As I said, it's just a thinking exercise.

 

[hydtools]

Would tank atm pressure over drive the pump/motor? Just a random thought.

Ted

 

[LittleInch]

Could you have two flow controls?

One set at <10 as shown and the other at >6 but feeding back into the gear pump inlet line with a check valve in place to only allow flow in one direction?

Remember - More details = better answers
Also: If you get a response it's polite to respond to it.

 

[HydraulicsGuy]

OP here. To those who say negative pressure and cavitation will result - isn't the fluid in the rod end of the cylinder at atmospheric pressure? The fluid is flowing into the vacant rod end and almost able to keep up, just not at any meaningful hydraulic pressure. Why wouldn't the pressure in the rod end be 0 psig, or 14.7 psia? And the pump discharge pressure is still above atmospheric because of pressure drops from pump to cylinder.

 

[HydraulicsGuy]

Could you have two flow controls?

One set at <10 as shown and the other at >6 but feeding back into the gear pump inlet line with a check valve in place to only allow flow in one direction?

I'm not sure I understand fully.
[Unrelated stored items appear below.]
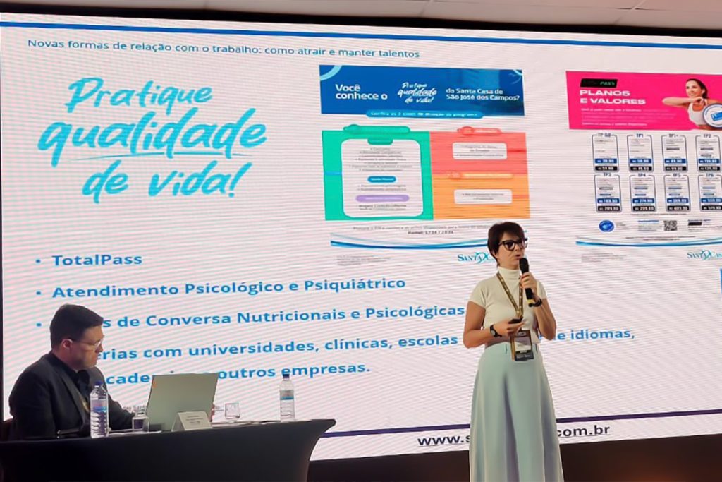 Hoje, 17 de outubro, a gerente executiva de RH da Santa Casa de São José dos Campos, Márcia Antunes, subiu ao palco do 9º CONSINDHOSFIL para compartilhar sua expertise em gestão de pessoas.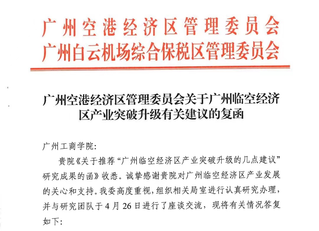 5月10日,kaiyun收悉广州空港经济区管理委员会、广州白云机场综合保税区管理委员会关于《广州临空经济区产业突破升级的几点建议》资政报告批复函,对于林波博士及关建波博士相关建议高度评价,并于4月26日组织广州空港委相关局室领导与研究团队进行了座谈交流。批复函表达了对kaiyun研究团队的感谢,希望研究团队继续开展相关问题研究。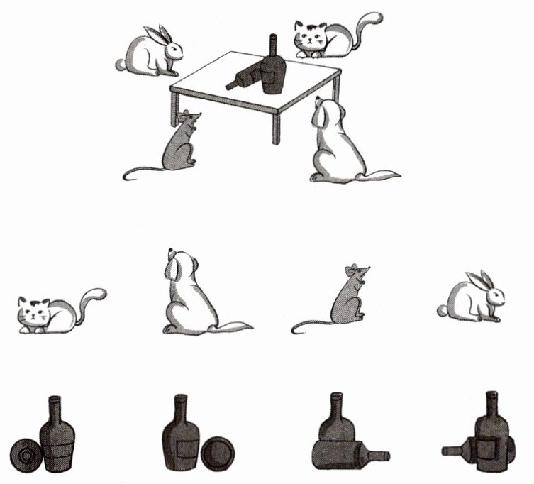 猫连第三幅图(瓶在左,横瓶在右且瓶口朝右);狗连第二幅图(瓶在左,圆在右);老鼠连第一幅图(圆在左,瓶在右);兔子连第四幅图(横瓶在左,瓶口朝左,瓶在右)。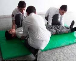 - Üç ilk yardımcı, bacaklarını açarak hasta veya yaralının üzerine hafifçe çömelir.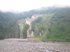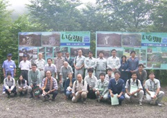 | 写真1:参加者の集合写真 | 写真2:稲荷川上流の山腹工現場 |

You mean two flow controls in series back-to-back?

 

[LittleInch]

"Almost able to keep up" - Yes, but not able means there is a volume deficit between the cylinder movement and the oil flow in. That needs to be accommodated somehow to preserve mass - result the piston pulls a vacuum.

If mass flow required by the volume created in the piston space isn't filled with oil (almost keeping up) then what is it filled with?

Does that make sense?

NO I mean add a horizontal line between your two vertical lines between the cylinder and the controller and insert a flow controller in there with a NRV (flow left to righ). Make that 16 gpm one 10 gpm and make this new one 6 gpm.

The in effect the balance of the oil (6gpm) is simply being transferred from one side of the piston to the other.

So two flow controllers in parallel, but feeding different end points.

See my terrible mark up below.

Remember - More details = better answers
Also: If you get a response it's polite to respond to it.

 

[akkamaan]

To those who say negative pressure and cavitation will result - isn't the fluid in the rod end of the cylinder at atmospheric pressure?

As you drew the opening statement schematic noting indicates that the rod side is directly connected to the atmospheric pressure. You are obviously using e positive displacement pump which disconnects (theoretically no internal leakage) the rod side from the atmosphere.

As I said in a previous comment atmospheric ventilation can be done with an anti-cavitation check valve

it should be combined with anti-cavitation check valve

And the pump discharge pressure is still above atmospheric because of pressure drops from the pump to cylinder.

Nope, if cylinder is retracting faster than the pump can fill on the rod side the pump pressure will be negative vs atmospheric pressure.

 

[akkamaan]

See my terrible mark up below.

AS long as we understand what you mean the "mark up" is OK. It's called "effort"

But what do you do with your additional "flow orifice" when you extend the piston?

 

[LittleInch]

There should be a no return valve added to allow flow from left to right only. I ran out of space...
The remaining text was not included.